[TASK TO CARRY OUT] A faithful, picture-free copy of the listing below is required.

[PROVIDED DATA]
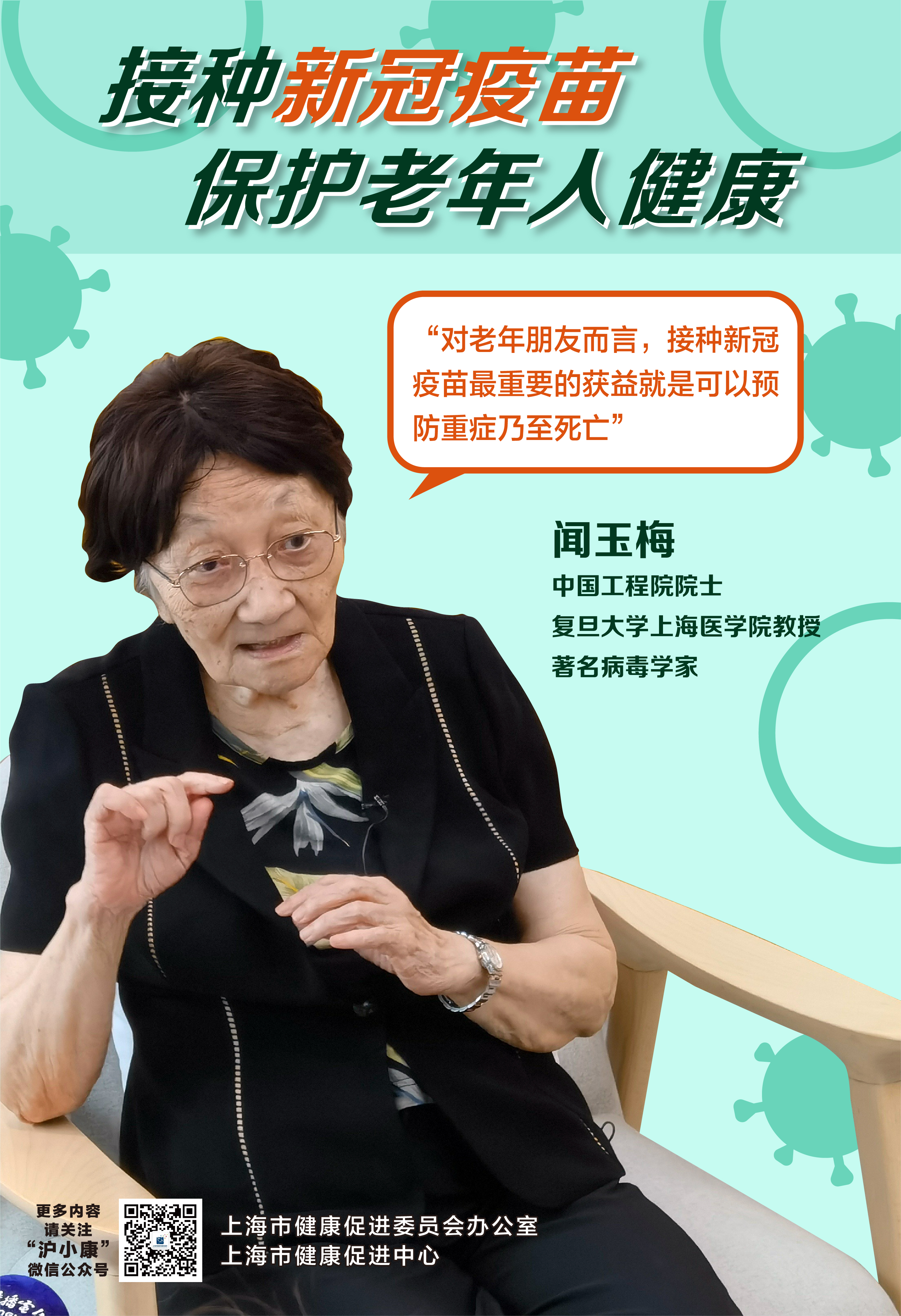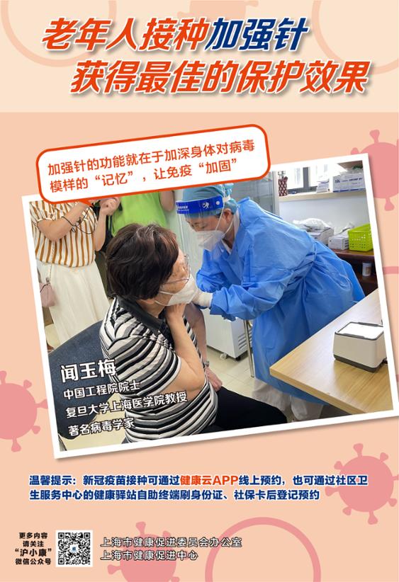 老年人为什么要接种新冠疫苗?有慢性病的老人可以接种新冠疫苗吗?针对老年人接种新冠疫苗的热点问题,市健康促进委员会办公室先后邀请中国工程院院士、复旦大学上海医学院教授、著名病毒学家闻玉梅,中国工程院院士、上海市第六人民医院内分泌代谢科贾伟平教授一一作答。不久前,89岁的闻玉梅院士在接种两针新冠疫苗后,还到社区卫生服务中心进行了新冠疫苗加强针的接种。
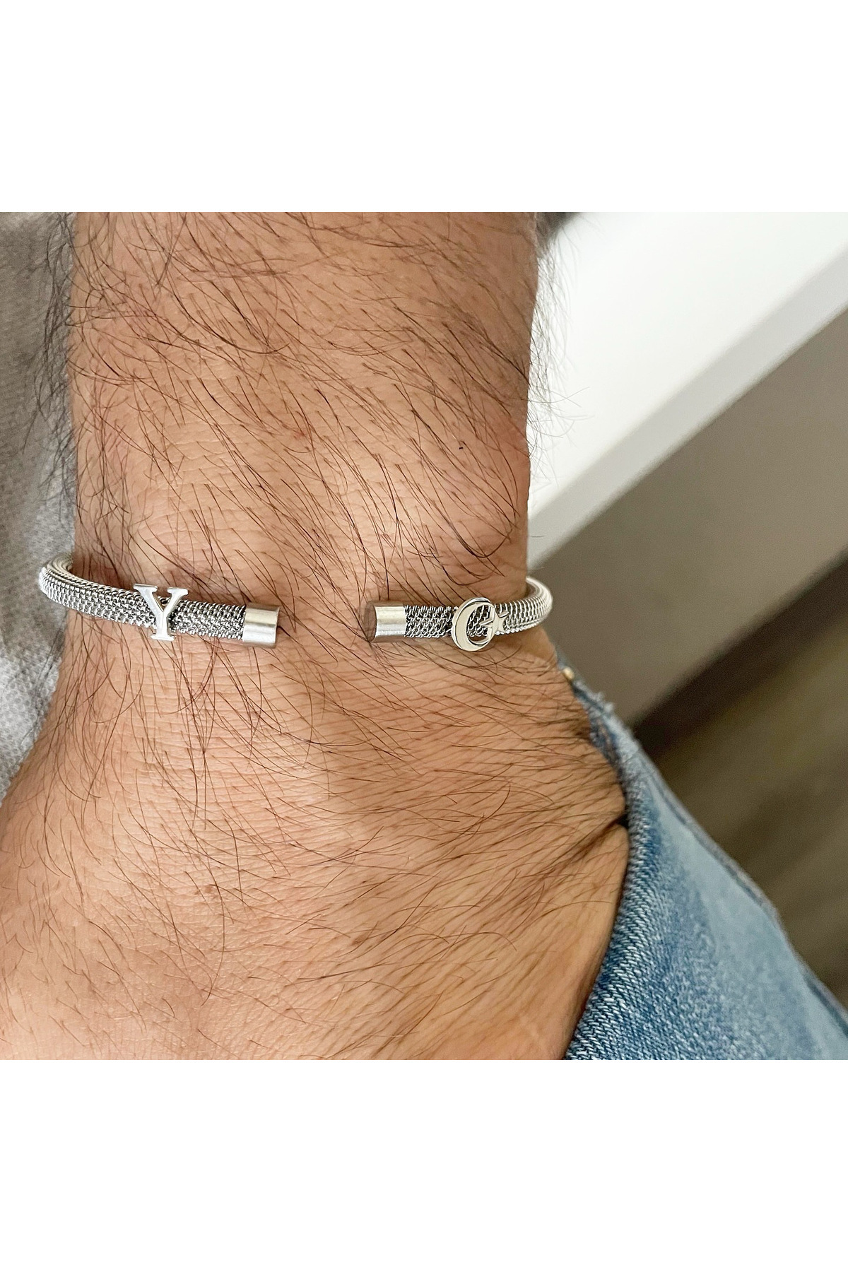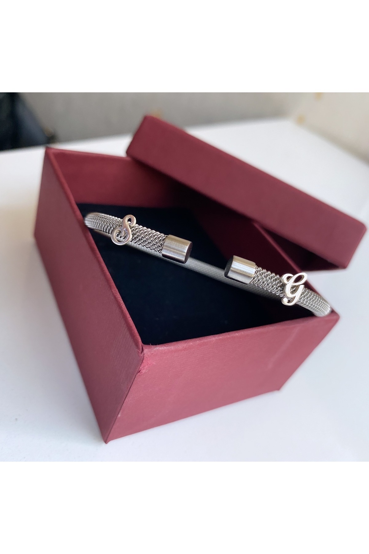 Gümüş Harfli VE Ayyıldız Sembollü Beyaz Çelik Bileklik Gümüş Harfli VE Ayyıldız Sembollü Beyaz Çelik Bileklik Smr1441 6 cm
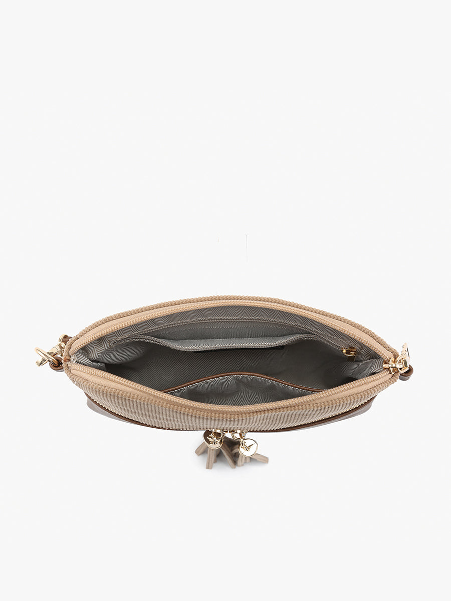 The Tara corduroy double zip crossbody/wristlet is a must-have for fall. This cozy style features cruelty-free vegan leather with soft corduroy and chic gold-tone hardware.
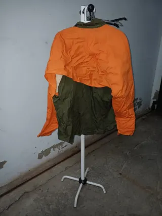 Chaqueta de protección anticorte en color naranja y verde. Diseñada para ofrecer seguridad. - Mangas y cuerpo en naranja. - Paneles y bolsillos en verde. - Cierre frontal.
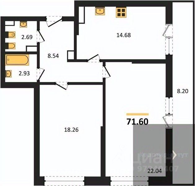 Квартира: 2 к 71,60 кв.м., 14 этаж в комплексе Бунин, 3 очередь, корп.1 (Секции 6,7), сдача: 2кв. , этажей: 23, адрес Воронеж г., Московский пр., д. 136, Застройщик: ВДК.
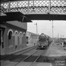 Framed by the station footbridge, A3 Pacific 60073 "St.Gatien" approaches Newark 14/5/59 [102088]
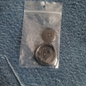 Comes with two spare buttons, one large and one small.
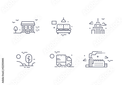 Different buildings icon set for real estate agency. Property collection. Thin line design. Flat style.
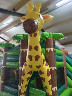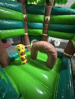 Met zijn vrolijke kleuren, coole jungle-prints en geïntegreerde glijbaan biedt dit springkussen uren speelplezier voor kinderen. Het springgedeelte is ruim en veilig, en door het leuke thema worden kinderen meteen enthousiast om te spelen en te ontdekken.
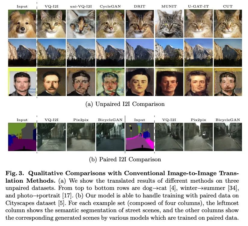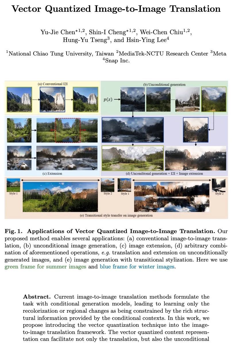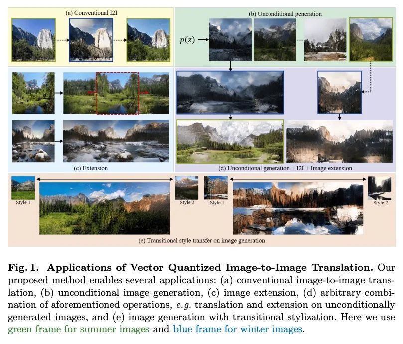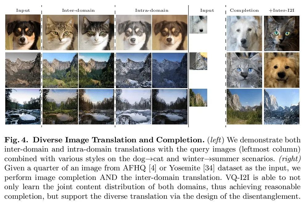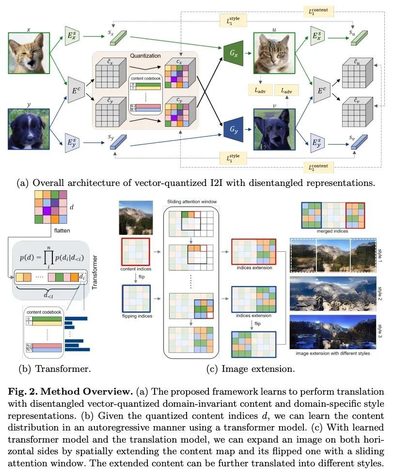 矢量量化图像到图像翻译。目前的图像到图像翻译方法用条件生成模型来制定任务,导致只学习重新着色或区域变化,因为受到条件背景提供的丰富结构信息的限制。本文建议将矢量量化技术引入图像-图像翻译框架。矢量量化的内容表示不仅可以促进翻译,还可以促进不同域之间共享的无条件分布。同时,伴随着拆分后的风格表示,所提出的方法进一步实现了图像扩展的能力,在域内和域间都具有灵活性。定性和定量实验表明,该框架实现了与最先进的图像到图像翻译和图像扩展方法相媲美的性能。与单个任务的方法相比,所提出的方法作为一个统一的框架,将图像到图像的翻译、无条件生成和图像扩展的应用完全释放出来。例如,它为图像生成和扩展提供了风格的可变性,并为图像到图像的翻译提供了进一步的扩展能力。
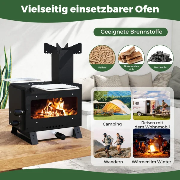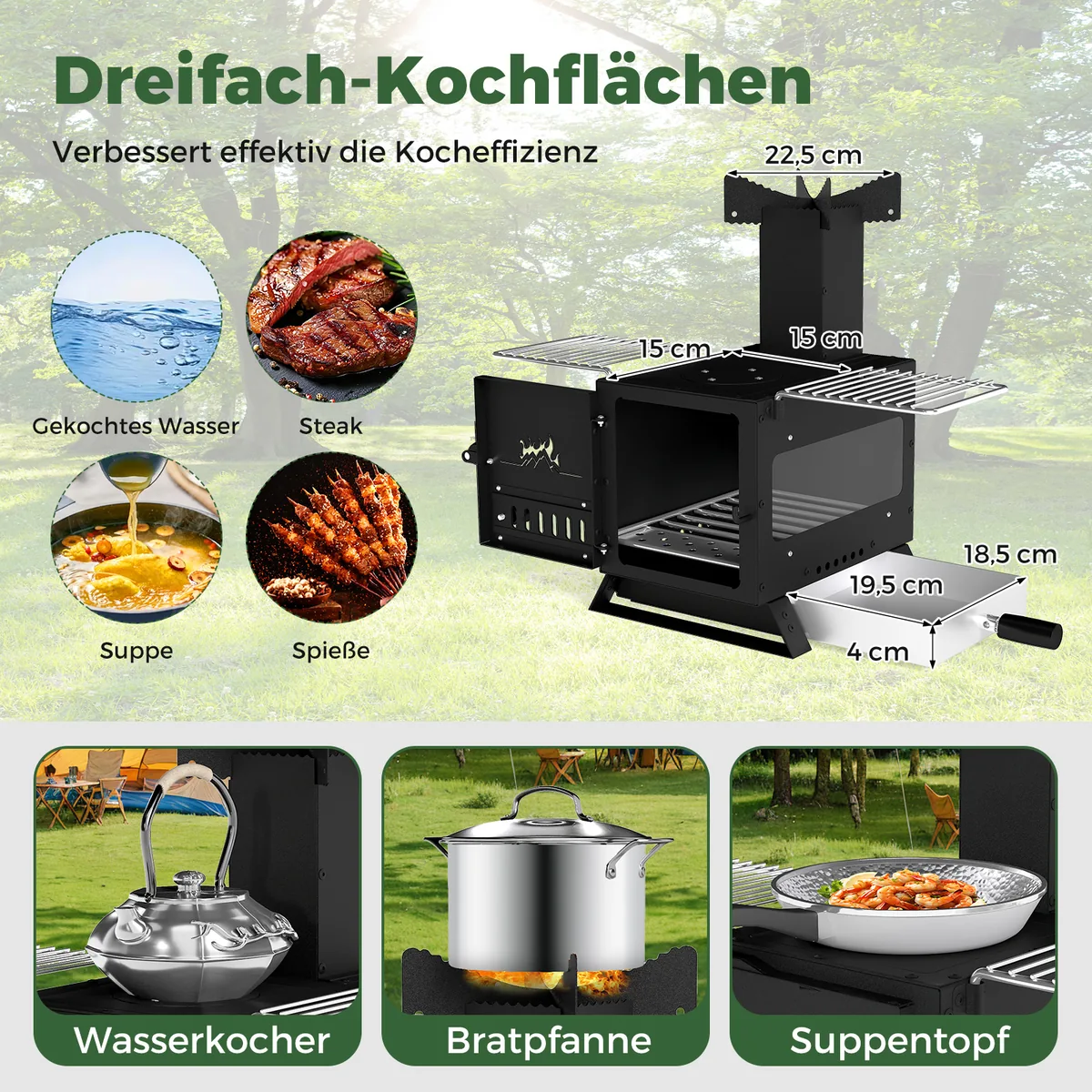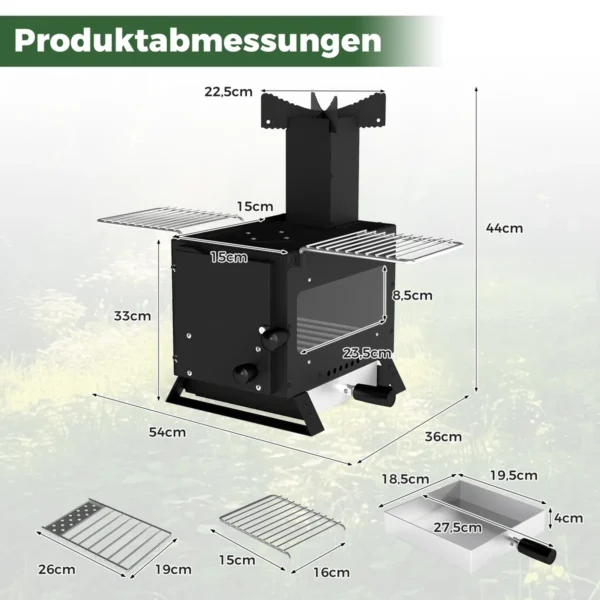 Picų krosnis 54x36x44 cm, juodos ir sidabrinės spalvos, yra kompaktiška lauko viryklė, tinkanti įvairioms kepimo ir šildymo reikmėms. Dėl trijų kaitviečių ir malkinės konstrukcijos ši krosnis ypač praktiška stovyklaujant, keliaujant ar gaminant lauke.
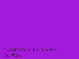 YUV 88.851,63.67,65.029 Color is a normal purple color and the nearest color is Veronica #a020f0. Hex code #a31ada and RGB value is rgb(163,26,218). In RGB color space, this color is composed of 64% red, 10% green, 85% blue, In CMYK color space, this color is composed of 25% cyan, 88% magenta, 0% yellow , 15% black , In HSL color space, this color has a hue angle of 283° , 79% saturation and 48% lightness.
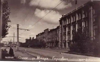 - Ул. Гагарина, 32, 34 — Администрация Омска. Бывшее здание Русско-Азиатской компании. С 1917 года Сибкрайгосторг. Фотографии здания в начале XX и в наши дни можно посмотреть по ссылке [12].

[EXERCISE RESULT]
 老年人为什么要接种新冠疫苗?有慢性病的老人可以接种新冠疫苗吗?针对老年人接种新冠疫苗的热点问题,市健康促进委员会办公室先后邀请中国工程院院士、复旦大学上海医学院教授、著名病毒学家闻玉梅,中国工程院院士、上海市第六人民医院内分泌代谢科贾伟平教授一一作答。不久前,89岁的闻玉梅院士在接种两针新冠疫苗后,还到社区卫生服务中心进行了新冠疫苗加强针的接种。
 Gümüş Harfli VE Ayyıldız Sembollü Beyaz Çelik Bileklik Gümüş Harfli VE Ayyıldız Sembollü Beyaz Çelik Bileklik Smr1441 6 cm
 The Tara corduroy double zip crossbody/wristlet is a must-have for fall. This cozy style features cruelty-free vegan leather with soft corduroy and chic gold-tone hardware.
 Chaqueta de protección anticorte en color naranja y verde. Diseñada para ofrecer seguridad. - Mangas y cuerpo en naranja. - Paneles y bolsillos en verde. - Cierre frontal.
 Квартира: 2 к 71,60 кв.м., 14 этаж в комплексе Бунин, 3 очередь, корп.1 (Секции 6,7), сдача: 2кв. , этажей: 23, адрес Воронеж г., Московский пр., д. 136, Застройщик: ВДК.
 Framed by the station footbridge, A3 Pacific 60073 "St.Gatien" approaches Newark 14/5/59 [102088]
 Comes with two spare buttons, one large and one small.
 Different buildings icon set for real estate agency. Property collection. Thin line design. Flat style.
 Met zijn vrolijke kleuren, coole jungle-prints en geïntegreerde glijbaan biedt dit springkussen uren speelplezier voor kinderen. Het springgedeelte is ruim en veilig, en door het leuke thema worden kinderen meteen enthousiast om te spelen en te ontdekken.
 矢量量化图像到图像翻译。目前的图像到图像翻译方法用条件生成模型来制定任务,导致只学习重新着色或区域变化,因为受到条件背景提供的丰富结构信息的限制。本文建议将矢量量化技术引入图像-图像翻译框架。矢量量化的内容表示不仅可以促进翻译,还可以促进不同域之间共享的无条件分布。同时,伴随着拆分后的风格表示,所提出的方法进一步实现了图像扩展的能力,在域内和域间都具有灵活性。定性和定量实验表明,该框架实现了与最先进的图像到图像翻译和图像扩展方法相媲美的性能。与单个任务的方法相比,所提出的方法作为一个统一的框架,将图像到图像的翻译、无条件生成和图像扩展的应用完全释放出来。例如,它为图像生成和扩展提供了风格的可变性,并为图像到图像的翻译提供了进一步的扩展能力。
 Picų krosnis 54x36x44 cm, juodos ir sidabrinės spalvos, yra kompaktiška lauko viryklė, tinkanti įvairioms kepimo ir šildymo reikmėms. Dėl trijų kaitviečių ir malkinės konstrukcijos ši krosnis ypač praktiška stovyklaujant, keliaujant ar gaminant lauke.
 YUV 88.851,63.67,65.029 Color is a normal purple color and the nearest color is Veronica #a020f0. Hex code #a31ada and RGB value is rgb(163,26,218). In RGB color space, this color is composed of 64% red, 10% green, 85% blue, In CMYK color space, this color is composed of 25% cyan, 88% magenta, 0% yellow , 15% black , In HSL color space, this color has a hue angle of 283° , 79% saturation and 48% lightness.
 - Ул. Гагарина, 32, 34 — Администрация Омска. Бывшее здание Русско-Азиатской компании. С 1917 года Сибкрайгосторг. Фотографии здания в начале XX и в наши дни можно посмотреть по ссылке [12].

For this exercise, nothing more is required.